We think that it is critical to get this green taxonomy right so that we have a standardised way of thinking about all this, but it is important that that is done on a scientific basis and it is not too purist, so that we find a way of avoiding greenwashing but we also have a chance to invest in these browner assets that are turning green. For us, that is the main thing. I hope that answers your question.
Q28 Chris Stephens: Thanks, Morten. Sam, what is your company’s point of view?
Sam White: I agree with Morten. That is a pretty good point. We have funds that are very “climatey” funds, but we are also mainstreaming it. In Aviva’s commitment to net zero by 2040, we mean everything. Everything we can do—our operations, our supply chain, but also all our investments and all our funds—will be there by 2040. We cannot do that today because there are many funds where we have contracts with people who will not behave according to the criteria, but over this 20-year period we will be making more and more products that are net zero-aligned, climate impact funds, climate transition funds and, wherever possible, defaulting people into them.
Think about auto-enrolment: 95% of auto-enrolled people drop into the default fund offered by whatever their scheme is. What we are doing is making our default fund net zero-aligned. We are going with the wisdom of auto-enrolment: if you get a pension and you don’t think about what kind of pension you get, you get one that is climate net zero-aligned. I think that is very important. Aviva would like to see the Government do more to mandate default schemes to be net zero-aligned. I think you could make a huge difference there, in the members’ best interests but also in the best interests of the climate.

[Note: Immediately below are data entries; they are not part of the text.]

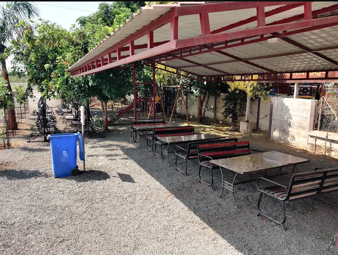 The on-site restaurant provides a variety of culinary options, including Punjabi and Kathiyawadi cuisines. Guests can enjoy their meals in an outdoor seating area, which features a playground for children, making it a family-friendly environment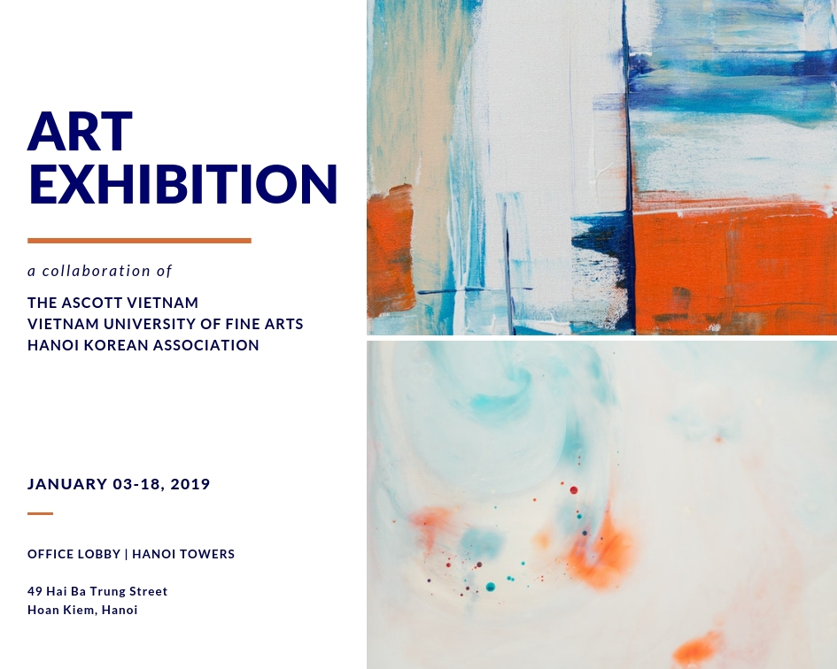 서머셋 그랜드 하노이 서비스 레지던스는 1월3일 ~ 1월18일까지 서머셋 그랜드 하노이 건물 1층 (49, Hai Ba Trung street, Hanoi Tower) 오피스 로비에서 한국 예술가들과 베트남 예술가와 하노이 예술 대학교가 함께 하는 한-베 문화 교류 전시회를 개최합니다.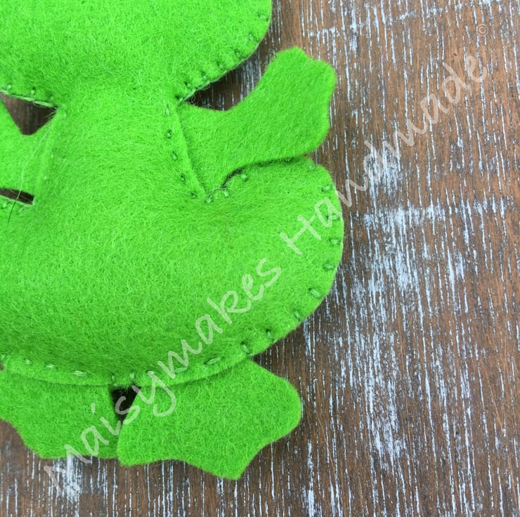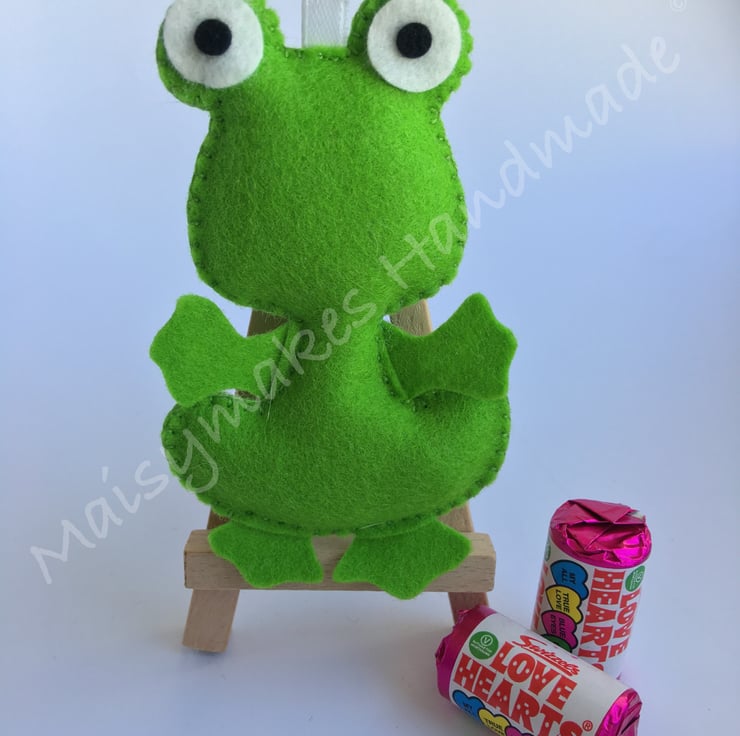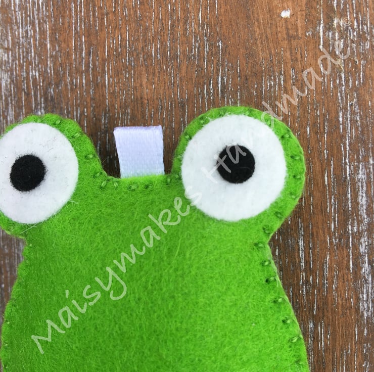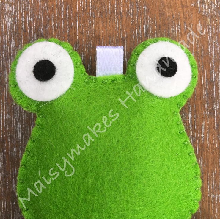 This cute Green Frog has been designed from my own original hand drawn image, and has been made completely by hand by myself. It is made from 100% wool felt and has a ribbon loop attached for ease of hanging. This unique item would be perfect as a wall or door decoration in a nursery or childs bedroom.

Lastly, we have a few funds that do specific things. We have something called the climate transition range, where they screen out some of the worst stuff straightaway. They invest in two universes. One is companies that are well set up for a low-carbon world; maybe they are making solar panels. The second batch is companies that have brilliant transition plans, so they may not be perfect today but they have thought through how they are going to transition. Danone was an early favourite in that fund. As you can see, it is helping people be much more active in driving climate transition than just opting out.
Q29 Chris Stephens: Thank you. Mark, you are welcome to come in. Do you have any further comments from a Nest point of view on the issue of separating financial products that are so-called climate-conscious funds as opposed to mainstream financial products?
Mark Fawcett: Yes, 99% of our members are in our default fund, and our youngest member is 16 years old. We are going to be investing for her in the default fund for 40 or 50 years, possibly longer, and we think it is just part of our fiduciary duty to take into account climate change risk and manage those portfolios for all our members, not just the few members who have actively engaged and chosen some climate-specific products. We have a focused-fund choice, but as most of our members are in the default fund and 70% of them tell us that they want us to invest responsibly and take into account things like climate change, we think that should absolutely be the focus of our investments in climate-aware investing.
Chris Stephens: Thanks for that, Mark. Paul, you have your hand up.
Paul Bucksey: Just very quickly. We are no different. Yes, 95% are in the default fund, so that is where they key focus is, but we have done quite a bit of work with our members to try to get insight. That is one of the things we do at Smart. We do a lot of testing and research. We had a member webinar in April. We had a couple thousand of our members join us and we asked them some very specific questions. One of them was, “How important is it to you that your pension savings are invested in a way that specifically benefits people and the planet?” and 91% of people said that it was important or very important, and only 9% said it was not important. We had some people saying, “We don’t care,” which is a shame.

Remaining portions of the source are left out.